BLUR musician Alex James has become the latest person to voice his concerns about the Hengistbury Head Noddy train.
Alex, who grew up in Bournemouth and attended St James’ Primary School and Bournemouth School, told the Echo he had a deep affection for the current land train, known to many as the Noddy Train.
Joyce Faris, whose late husband Roger Faris set up the land train service 45 years ago, was given notice to quit by Bournemouth council earlier this month. The 88-year-old said she was devastated at being told she would have to stop running the trains after the summer season.
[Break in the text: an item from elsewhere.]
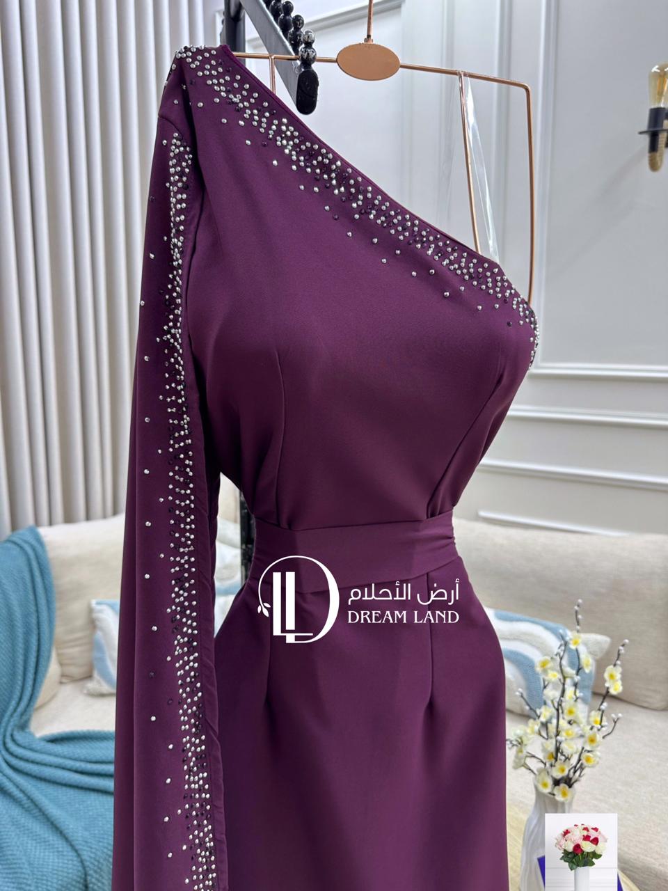 تألقي بإطلالة لا تُنسى مع هذا الفستان السهرة البنفسجي الساحر. يتميز بتصميمه الذي يجمع بين قصة بكتف واحد جذابة، ووشاح منسدلمن الكتف مزين بتطريز فاخر ينساب بأناقة على القوام. هذا الفستان هو الخيار الأمثل للمناسبات الرسمية، وحفلات الزفاف، أو أي احتفال يتطلب إطلالة تجمع بين الفخامة والجاذبية.

Alex, a father-of-five who now lives in the Cotswolds, said: “I used to love riding on the Noddy train when I was a kid and I’ve taken my own children on it – and they love it too.
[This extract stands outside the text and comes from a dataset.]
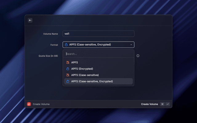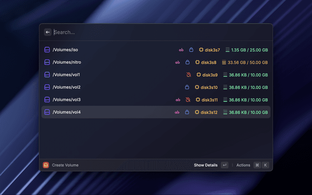 Raycast extension to create, list and delete Apple File System (APFS) disk volumes
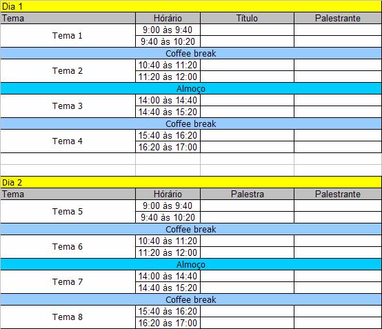 O formato de grade abaixo é uma proposta de duração do encontro, palestras e refeições. A datas sugeridas para a realização deste encontro são: 19 e 20 de junho 26 e 27 de junho 24 e 25 de julho 7 e 8 de agosto Clique aqui e informe a data de sua preferência

“My parents still live in Hengistbury Head so this is something that is close to all our hearts. The situation really needs to be sorted out.”
An online petition to allow the current operators to continue has now attracted more than 20,000 signatures. And seven local residents have set up a campaign group called HOOT – Hands Off Our Train – to try and seek a way forward in relation to the council’s proposals for the much-loved train.
Bournemouth council did not want to respond to Alex’s comments. It intends to run its own land train service over the Site of Special Scientific Interest from October and has previously stated that it will improve the service with new traditionally-styled trains, increased capacity and shorter waiting times.
It has not yet decided whether it will continue to run trains 364 days a year, but has promised fully-trained staff with Public Service Vehicle licences, access for disabled people and lower fuel emissions.